Didier Ayres, Cahier, « Fragment XII ou Vide »

Le Cahier est issu d’un moment d’écriture qui a pour sup­port un cahier Conqué­rant de 90 pages à petits car­reaux; il est manus­crit jusqu’au moment où je l’écris de nou­veau , cette fois-ci sous la forme d’un texte.
J’y prône la pos­si­bi­lité don­née à l’écrivain de, tout en par­lant de lui, tenir un dis­cours pour autrui.
J’aime la forme “je”, qui a des prin­cipes d’identification aux­quels je prête foi.

Fragment XII ou Vide 

Ce cahier pour ne pas me perdre. Souligner une présence qui fait défaut. Surligner ce qui manque. Sentir la présence négative de ce que l’objet décrit. Depuis là, faire corps, faire coresprit.
C’est-à-dire sans pouvoir défaire le lien de la lettre, du verbe et de l’imagination, du texte et de son exégèse. Du corps et de son intelligence, de la personne considérée ainsi qu’une unité de la chair à des subjectivités.

Cela dit, demeure le travail de traduction de cette fusion de la matière organique qui nous constitue tous, le monde léger de l’intuition, et l’appareil de la sensibilité, affectivité portée au langage. Comment rendre cette figure manquante ?
Bizarrement pour mon travail d’écrivain, je dois cerner le néant, comme si ma personne n’avait pas d’autonomie.
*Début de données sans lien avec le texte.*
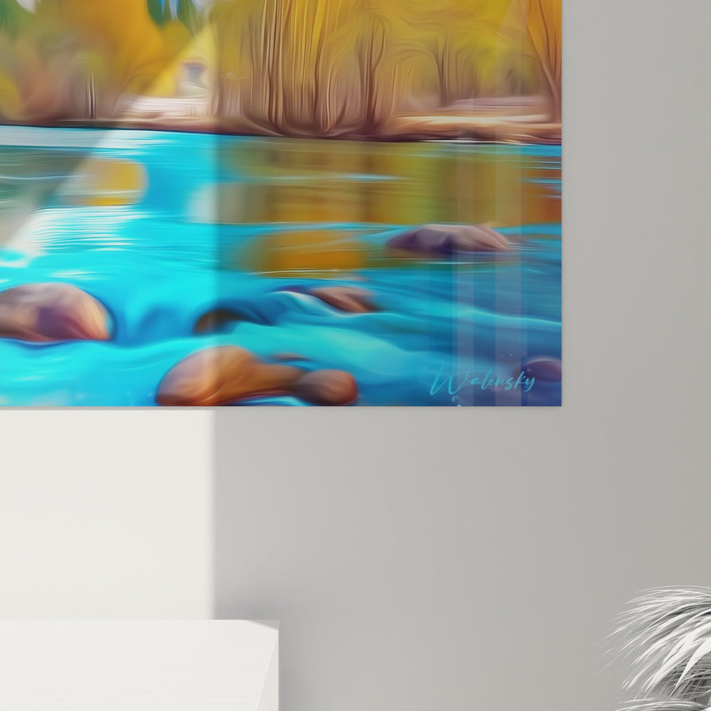 Cette œuvre d'art numérique présente un tableau cascade spectaculaire dans un environnement montagneux stylisé. La composition révèle une cascade majestueuse qui s'élance depuis les hauteurs rocheuses, créant un rideau d'eau cristallin au centre de la toile. Les formations géologiques sont rendues avec un style artistique fluide qui accentue les courbes naturelles des falaises colorées. Au premier plan, une rivière paisible reflète fidèlement les couleurs environnantes, parsemée de rochers polis qui émergent délicatement de la surface. La végétation luxuriante se compose d'arbres aux feuillages automnaux dorés qui contrastent harmonieusement avec les tons froids des roches. Ce tableau mural cascade capture l'essence d'une vallée préservée où la nature s'exprime dans toute sa splendeur. L'artiste a privilégié une technique de rendu qui évoque la fluidité et le mouvement, créant une œuvre d'art paysage qui semble vibrer de vie. Les jeux de lumière naturelle illuminent différemment chaque élément, des sommets rocheux jusqu'aux reflets aquatiques, offrant une profondeur visuelle remarquable à cette décoration murale nature.
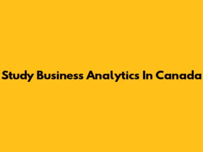 Study Business Analytics In Canada

Qu’elle ne soit elle-même que le moyeu de mon existence, qui se trouverait consignée dans un espace sans rien, sorte de chambre capitonnée absolument vide.

Pourquoi ? Je ne peux m’y soustraire. Je ne m’échappe pas. Ce qui ne m’empêche nullement d’aimer le monde, sa plénitude, sa beauté, ce souffle qui appartient à ma personne extérieure.
Nommer le monde. Être dans le monde. Ne pas y être.
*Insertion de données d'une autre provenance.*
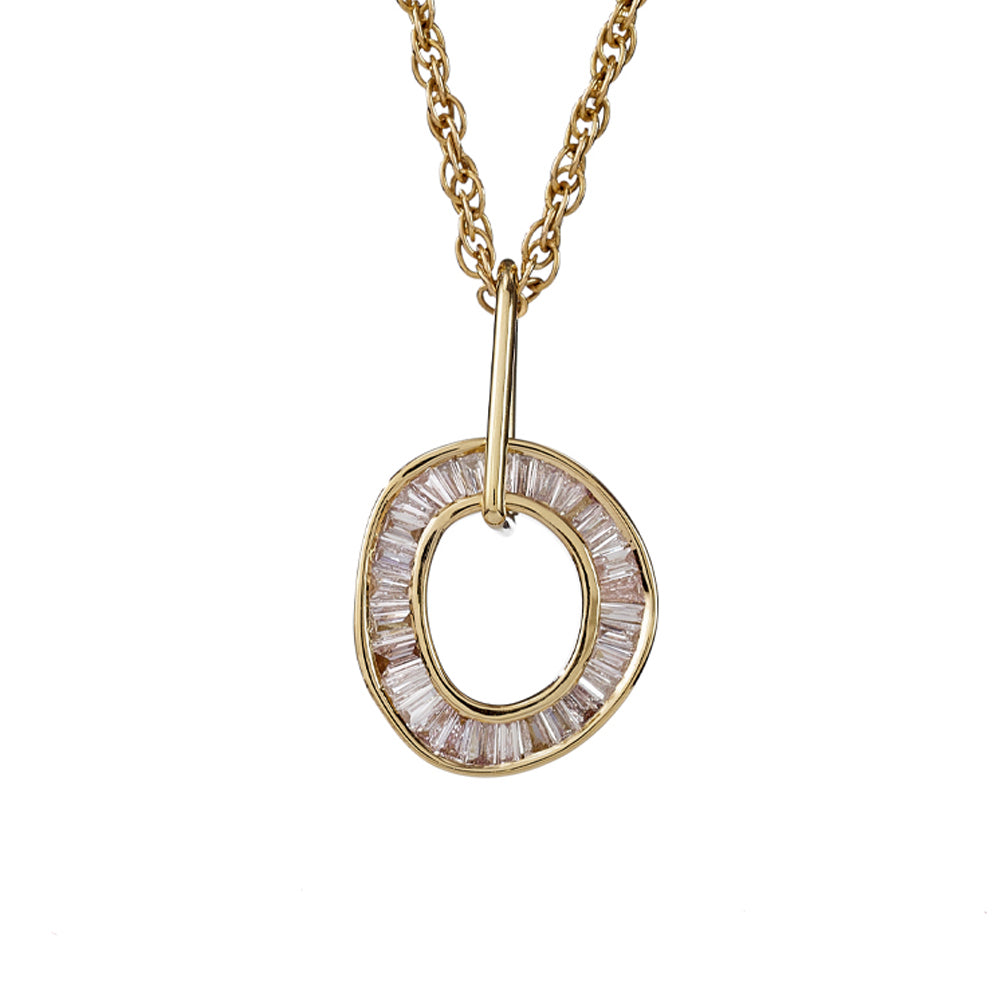 Baguette Diamond Necklace with a Fluid Sphere Pendant

Néanmoins le livre recèle, non pas le vide, mais circonscrit comme physiquement dans le cahier, le vide comme un lieu que j’entoure. Dès lors, il faut être attentif et surveiller les contours d’un verre, les ombres portées au sol vers midi, saisir cette épithète qui vient toucher la viduité de son essence.
Silhouette ? Contour du visage ? Contenir assez longtemps pour saisir ce qui vient à moi ? Je ne sais rien ou plutôt, je me trouve devant une tâche sans fin, quand écrire est un exercice incessant, qui se renouvelle presque à chaque mot sorti de la profondeur noire et impénétrable du néant intérieur.

Échanges ? Relations ? Ceux des liens de souscription à l’état d’auteur ? Travaux d’un être dépeuplé ?
Contacts avec ce qui me désemplit ? Constructions artistiques ? Partitions ?

Image du jet d’eau de Genève, espèce d’action sans conséquence, mais surtout captant la puissance des eaux.
Ce geyser fait image de l’écriture, sa base : une force inhérente à elle-même et sans aucun but, de manière presque insensée ; toujours montante, fructifiant.